(EXERCISE OBJECTIVE):
Once you find the line with "Los agentes hallaron", output it and every line after it exactly, through the last line of the listing, but no pictures.

--- INFORMATION SHOWN ---

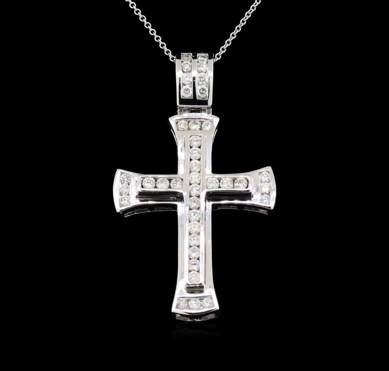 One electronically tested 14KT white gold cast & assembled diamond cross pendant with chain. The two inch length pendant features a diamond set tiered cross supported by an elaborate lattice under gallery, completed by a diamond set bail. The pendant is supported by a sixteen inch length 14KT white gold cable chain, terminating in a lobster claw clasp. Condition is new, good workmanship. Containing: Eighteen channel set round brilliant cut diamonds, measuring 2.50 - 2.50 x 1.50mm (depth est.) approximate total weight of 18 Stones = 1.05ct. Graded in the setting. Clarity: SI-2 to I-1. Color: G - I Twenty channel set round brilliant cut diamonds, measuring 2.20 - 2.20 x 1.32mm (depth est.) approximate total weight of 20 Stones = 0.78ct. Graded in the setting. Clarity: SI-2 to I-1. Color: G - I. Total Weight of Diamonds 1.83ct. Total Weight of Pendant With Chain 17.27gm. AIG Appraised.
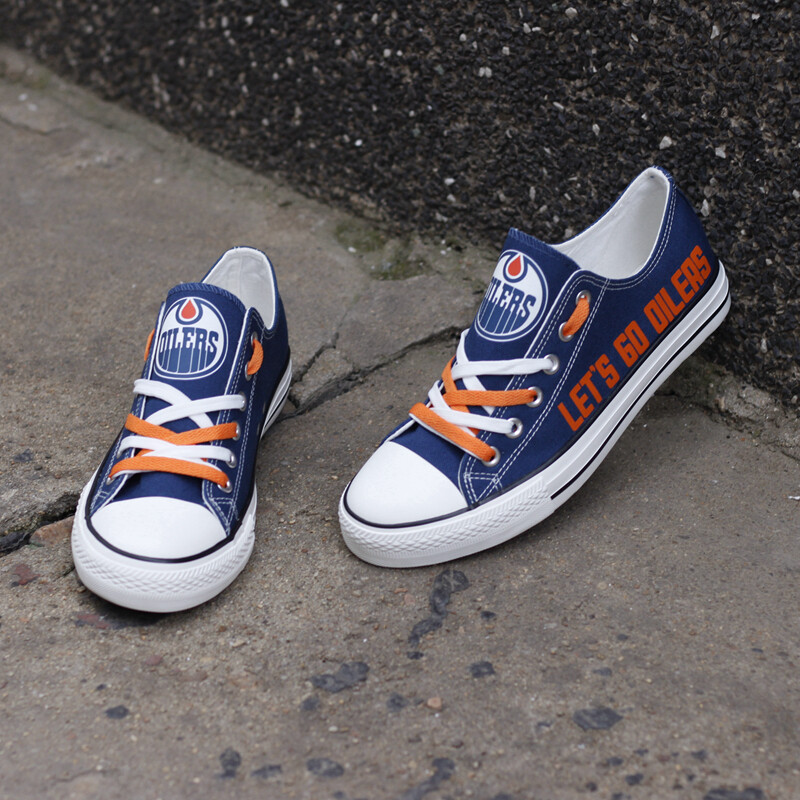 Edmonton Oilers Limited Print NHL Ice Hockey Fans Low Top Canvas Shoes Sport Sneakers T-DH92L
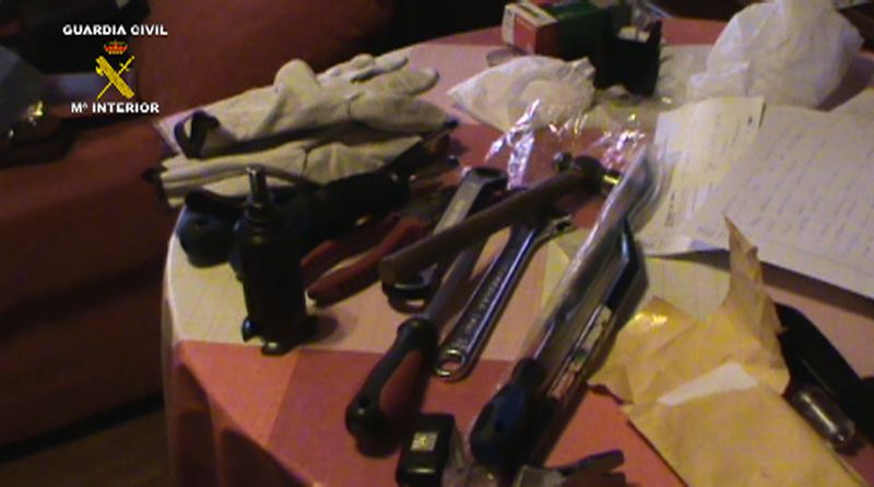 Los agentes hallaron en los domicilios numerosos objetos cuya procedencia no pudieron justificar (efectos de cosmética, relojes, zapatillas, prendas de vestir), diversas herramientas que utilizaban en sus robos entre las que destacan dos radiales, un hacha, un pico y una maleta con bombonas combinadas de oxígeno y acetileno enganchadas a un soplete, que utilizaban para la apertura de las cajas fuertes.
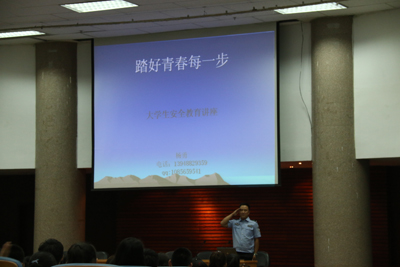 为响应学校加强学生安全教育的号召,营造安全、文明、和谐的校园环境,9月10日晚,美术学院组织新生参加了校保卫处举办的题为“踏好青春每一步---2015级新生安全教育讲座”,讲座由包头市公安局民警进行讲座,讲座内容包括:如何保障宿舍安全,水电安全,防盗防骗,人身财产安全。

---

(OUTPUT FOR THIS TASK):
 Los agentes hallaron en los domicilios numerosos objetos cuya procedencia no pudieron justificar (efectos de cosmética, relojes, zapatillas, prendas de vestir), diversas herramientas que utilizaban en sus robos entre las que destacan dos radiales, un hacha, un pico y una maleta con bombonas combinadas de oxígeno y acetileno enganchadas a un soplete, que utilizaban para la apertura de las cajas fuertes.
 为响应学校加强学生安全教育的号召,营造安全、文明、和谐的校园环境,9月10日晚,美术学院组织新生参加了校保卫处举办的题为“踏好青春每一步---2015级新生安全教育讲座”,讲座由包头市公安局民警进行讲座,讲座内容包括:如何保障宿舍安全,水电安全,防盗防骗,人身财产安全。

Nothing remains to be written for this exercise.